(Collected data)
^^^^
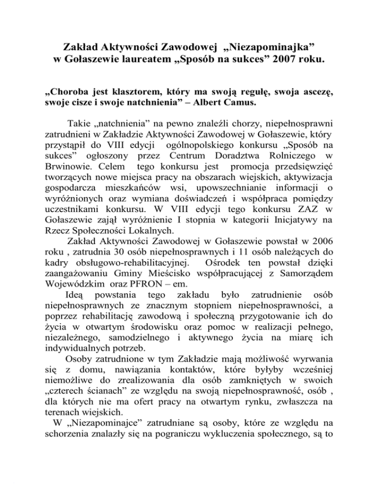 Zakład Aktywności Zawodowej „Niezapominajka” w Gołaszewie laureatem „Sposób na sukces” 2007 roku. „Choroba jest klasztorem, który ma swoją regułę, swoja ascezę, swoje cisze i swoje natchnienia” – Albert Camus. Takie „natchnienia” na pewno znaleźli chorzy, niepełnosprawni zatrudnieni w Zakładzie Aktywności Zawodowej w Gołaszewie, który przystąpił do VIII edycji ogólnopolskiego konkursu „Sposób na sukces” ogłoszony przez Centrum Doradztwa Rolniczego w Brwinowie. Celem tego konkursu jest promocja przedsięwzięć tworzących nowe miejsca pracy na obszarach wiejskich, aktywizacja gospodarcza mieszkańców wsi, upowszechnianie informacji o wyróżnionych oraz wymiana doświadczeń i współpraca pomiędzy uczestnikami konkursu. W VIII edycji tego konkursu ZAZ w Gołaszewie zajął wyróżnienie I stopnia w kategorii Inicjatywy na Rzecz Społeczności Lokalnych. Zakład Aktywności Zawodowej w Gołaszewie powstał w 2006 roku , zatrudnia 30 osób niepełnosprawnych i 11 osób należących do kadry obsługowo-rehabilitacyjnej. Ośrodek ten powstał dzięki zaangażowaniu Gminy Mieścisko współpracującej z Samorządem Wojewódzkim oraz PFRON – em. Ideą powstania tego zakładu było zatrudnienie osób niepełnosprawnych ze znacznym stopniem niepełnosprawności, a poprzez rehabilitację zawodową i społeczną przygotowanie ich do życia w otwartym środowisku oraz pomoc w realizacji pełnego, niezależnego, samodzielnego i aktywnego życia na miarę ich indywidualnych potrzeb. Osoby zatrudnione w tym Zakładzie mają możliwość wyrwania się z domu, nawiązania kontaktów, które byłyby wcześniej niemożliwe do zrealizowania dla osób zamkniętych w swoich „czterech ścianach” ze względu na swoją niepełnosprawność, osób , dla których nie ma ofert pracy na otwartym rynku, zwłaszcza na terenach wiejskich. W „Niezapominajce” zatrudniane są osoby, które ze względu na schorzenia znalazły się na pograniczu wykluczenia społecznego, są to osoby ze schorzeniami narządu ruchu, upośledzeniem umysłowym, chorobą psychiczną, epilepsją oraz niewidomi. W Zakładzie Aktywności Zawodowej w Gołaszewie utworzono trzy działy usługowo-produkcyjne: 1.Dział ogrodniczo-porządkowy zajmujący się utrzymaniem terenów zielonych na obszarze Gminy Mieścisko, świadczeniem usług transportowych, uprawą warzyw, kwiatów i roślin ozdobnych, hodowlą dżdżownicy kalifornijskiej dla własnych potrzeb, utrzymaniem ciągów pieszych w sezonie zimowym. 2. Dział krawiecko-pamiątkarski – sekcja krawiecka prowadzi działalność wytwórczą w postaci szycia kompletów pościeli, podkładów medycznych, toreb lnianych z możliwością nadruku reklamowego itp. Sekcja pamiątkarska natomiast przygotowuje kartki okolicznościowe, torebki papierowe, pudełka i wieńce ozdobne. 3. Dział niszczenia dokumentów zajmuje się niszczeniem dokumentów z instytucji państwowych oraz firm prywatnych. Zakład w Gołaszewie powołany został nie tylko do prowadzenia działalności gospodarczej, jest to także miejsce do organizowania różnorodnych form rehabilitacji takich jak: - rehabilitacja lecznicza w ramach, której przeprowadza się elektroterapię, laseroterapię, krioterapię, terapię lampą „Sollux”, kąpiele wirowe, kinezyterapię, masaż klasyczny i leczniczy oraz ćwiczenia ogólnousprawniające, - rehabilitacja społeczno-zawodowa dostosowana jest do potrzeb poszczególnych pracowników uwzględniając posiadane umiejętności i indywidualne predyspozycje. Każda z zatrudnionych osób niepełnosprawnych ma opracowany indywidualny program rehabilitacji leczniczej, zawodowej i społecznej z uwzględnieniem zakresu przewidywanej poprawy, indywidualnych predyspozycji psychofizycznych, zaradności i funkcjonowania w zbiorowości. Pracownicy biorą udział w turnusach rehabilitacyjnych, różnych formach kulturalnych skierowanych do osób niepełnosprawnych, imprezach sportowych oraz spotkaniach integracyjnych. Przykładem takiego spotkania może być udział w spotkaniu integracyjnym między pracownikami zakładów aktywności zawodowej z Wielkopolski oraz beneficjentami podobnych placówek z Dolnej Saksonii. Zakład Aktywności Zawodowej podjął współpracę z Powiatowym Urzędem Pracy w Wągrowcu w zakresie organizacji prac interwencyjnych, przygotowania zawodowego oraz staży absolwenckich. Osoby korzystające z tych form przeciwdziałania bezrobociu oprócz zdobywania kwalifikacji zawodowych m.in. w zakresie takich zawodów jak: krawiec, ogrodnik, fizjoterapeuta, czy pracownik biurowy, zyskują cenne doświadczenie życiowe i pogłębiają wrażliwość na problemy osób niepełnosprawnych. Wyraźną zasługą powstania ZAZ jest zmiana mentalności mieszkańców Gołaszewa i gminy Mieścisko w sposobie podejścia do problemu niepełnosprawności .Trudno przecież zrozumieć dogłębnie ten problem osobom, które na co dzień nie spotykają się z niepełnosprawnością, osobom, które są zdrowe. Zetknięcie się z tą kwestią, ukazanie pozytywnych rozwiązań problemu, bez zbędnego teoretyzowania, uczy wrażliwości i tolerancji a o to przecież chodzi – by ludzie zauważali na co dzień w sposób pozytywny tych , którzy sami o swoje sprawy się nie upomną . Zespół Doradczy w powiecie wągrowieckim – Beata Mączyńska .
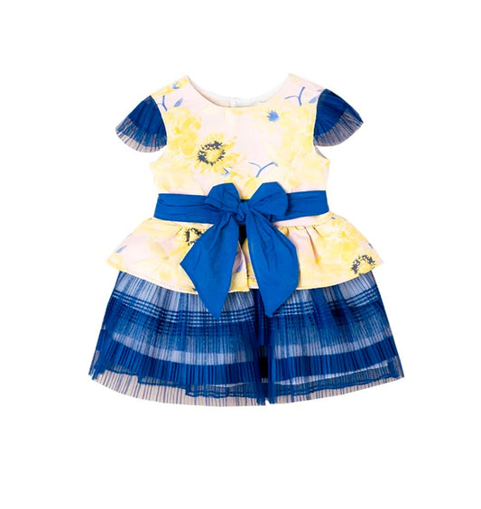 Vestido de niña estampado en color azul petróleo
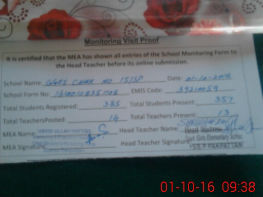 | EMIS Code: 39210059 | Name of School: GGES 15/SP | |||
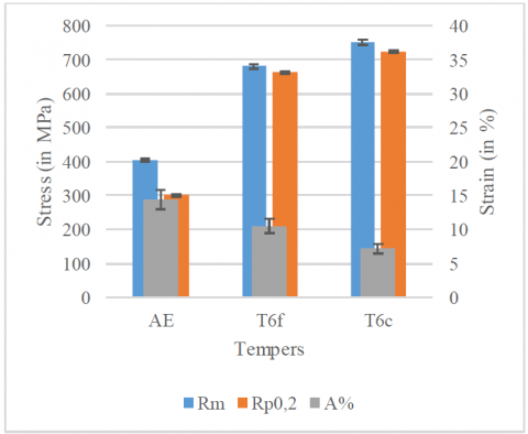The results of the chemical analysis (Table 1) show that the chemical compositions of the two bars, AE and T6f, are almost identical (with a slight difference in the Mg content) and “almost” in line with grade 7034. Only the Si content is slightly outside the standardised range of the Teal Sheets. This does not call the alloy or its possible properties into question.
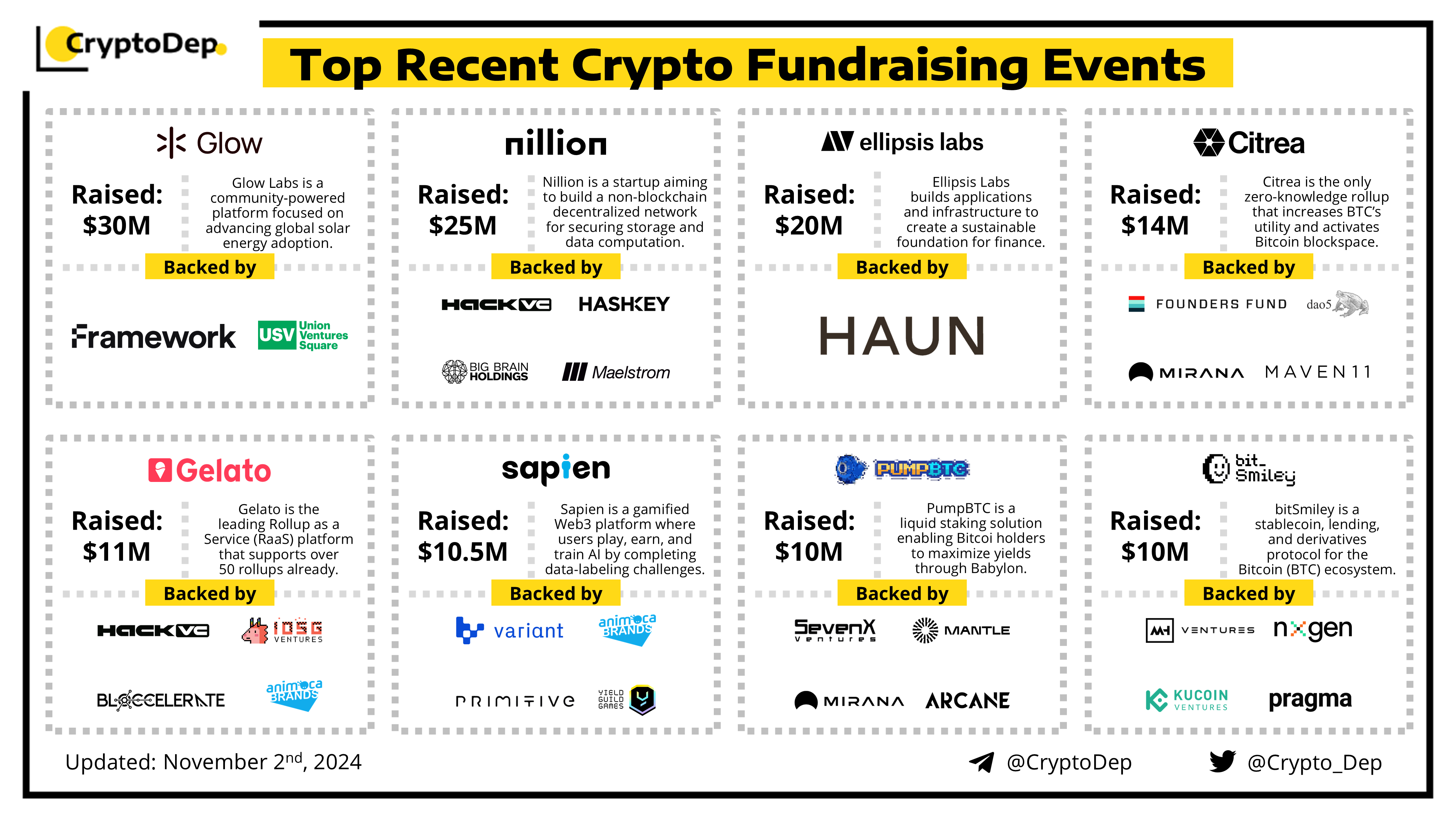 Presenting a list of some recent crypto fundraising events, backed by well-known investors such as Animoca Brands, Hack VC, Hashkey, Framework Ventures, Haun Ventures, Maelstrom, Big Brain Holdings, Founders Fund, IOSG Ventures, Variant, Mirana Ventures, and others. Let's take a look!
^^^^
**About this task**
With pictures omitted, restate word for word every line above from the one containing "Vestido de niña" to the end of the entries.

**Task response**
 Vestido de niña estampado en color azul petróleo
 | EMIS Code: 39210059 | Name of School: GGES 15/SP | |||
The results of the chemical analysis (Table 1) show that the chemical compositions of the two bars, AE and T6f, are almost identical (with a slight difference in the Mg content) and “almost” in line with grade 7034. Only the Si content is slightly outside the standardised range of the Teal Sheets. This does not call the alloy or its possible properties into question.
 Presenting a list of some recent crypto fundraising events, backed by well-known investors such as Animoca Brands, Hack VC, Hashkey, Framework Ventures, Haun Ventures, Maelstrom, Big Brain Holdings, Founders Fund, IOSG Ventures, Variant, Mirana Ventures, and others. Let's take a look!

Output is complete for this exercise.